Les 9: Gods drievoudige gerechtigheid
-----
Leren: vr. en antw. 12, 13, 14, 15, 16, 17
Lezen: Jesaja 1; Mattheüs 18; Galaten 3
Lezen: NGB 20
------
Wanneer de Catechismus in de 2de, 3de en 4de zondagsafdeling het stuk van onze ellende heeft behandeld, gaat hij over tot het ontvouwen van de heerlijke verlossing door Jezus Christus. Op de drempel van die heerlijke verlossing krijgen we eerst een zestal vragen voor ons, die alle handelen over het onderwerp: Gods recht / rechtvaardigheid / gerechtigheid. Het gaat volgens de Heilige Schrift in onze verlossing niet alleen om de vraag: hoe wordt de verlossing mijn deel (dus de toepassing), maar ook: hoe is het ooit mogelijk, dat er van verlossing sprake kan zijn (dus de verwerving).

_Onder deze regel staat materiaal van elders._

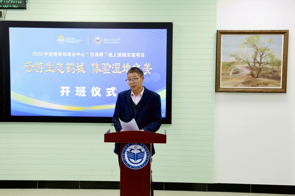 张树军在致辞中向教育部语合中心及黑龙江省教育厅国际合作与交流处再次为我校提供文化交流的机会表示感谢。同时希望通过开展此次项目使更多学员领略鹤城地域文化的深厚底蕴,加强对中国生态文明建设成效的认识,推动文化合作交流,促进国际中文教育发展和中外人文交流互鉴。
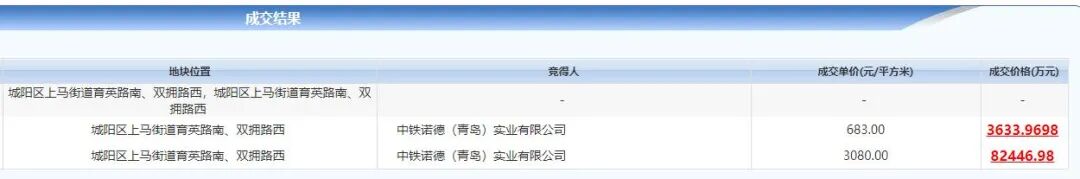 10月22日上午,位于城阳上马街道一宗科研用地和一宗住宅用地在网上进行拍卖,土地面积共计135693㎡,最终,两宗地块被中铁诺德(青岛)实业有限公司(中铁建工)分别以683元/㎡和3080元/㎡楼面地价成功摘得,总价约8.6亿元。
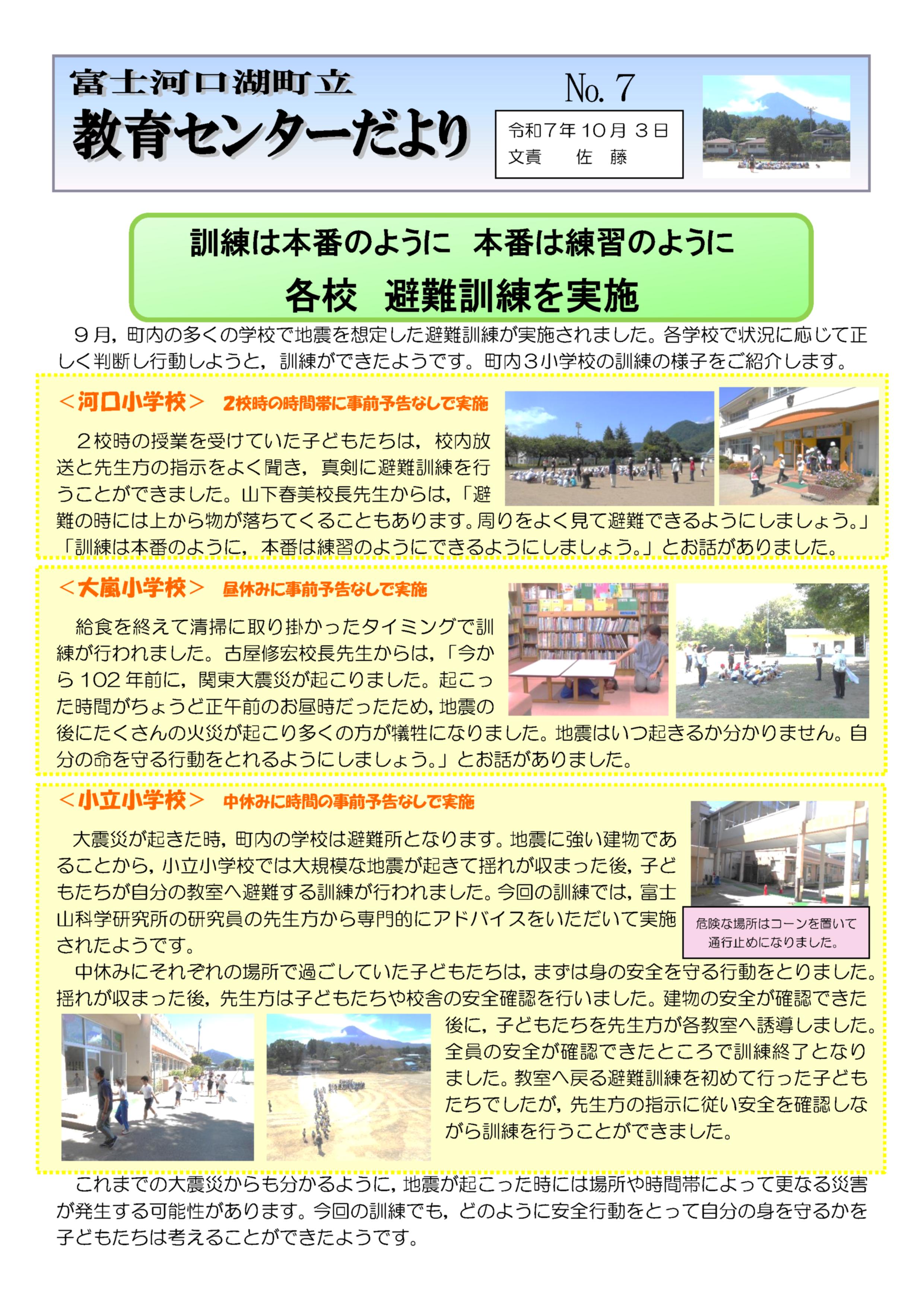 令和7年度の教育センターだよりは、こちらからご覧ください。
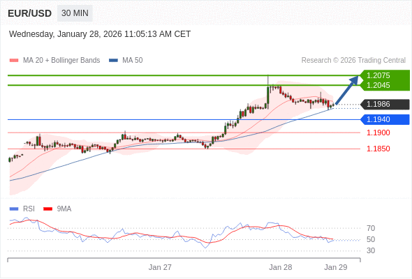 欧元/美元 当日内: 在1.1940之上,看涨。

Het gaat namelijk volgens antwoord 2 over het hóe der verlossing. Niet alleen het hoe van de tóepassing (aan mijn hart), maar ook het hoe van de verwérving (door de Borg Jezus Christus). We letten daarom aan de hand van de Bijbel op:
(A) Wat betekent het woord 'gerechtigheid' (dat in antwoord 6, 11, 12, 17, 21, 37, 40, 45, 56, 60, 61, 62, 113, 115, 122 voorkomt). Het woord 'gerechtigheid' komt in het Oude Testament honderden keren voor (voorbeelden Jesaja 32 vers 17; Jeremia 23 vers 6; Daniël 9 vers 7, 16 en vooral 24; Joël 2 vers 23; Maleachi 4 vers 2) en in het Nieuwe Testament ook (voorbeelden Mattheüs 5 vers 20; 6 vers 33; Romeinen 1 vers 17 én vers 18; II Korinthiërs 5 vers 21; Efeziërs 6 vers 14; II Petrus 3 vers 13).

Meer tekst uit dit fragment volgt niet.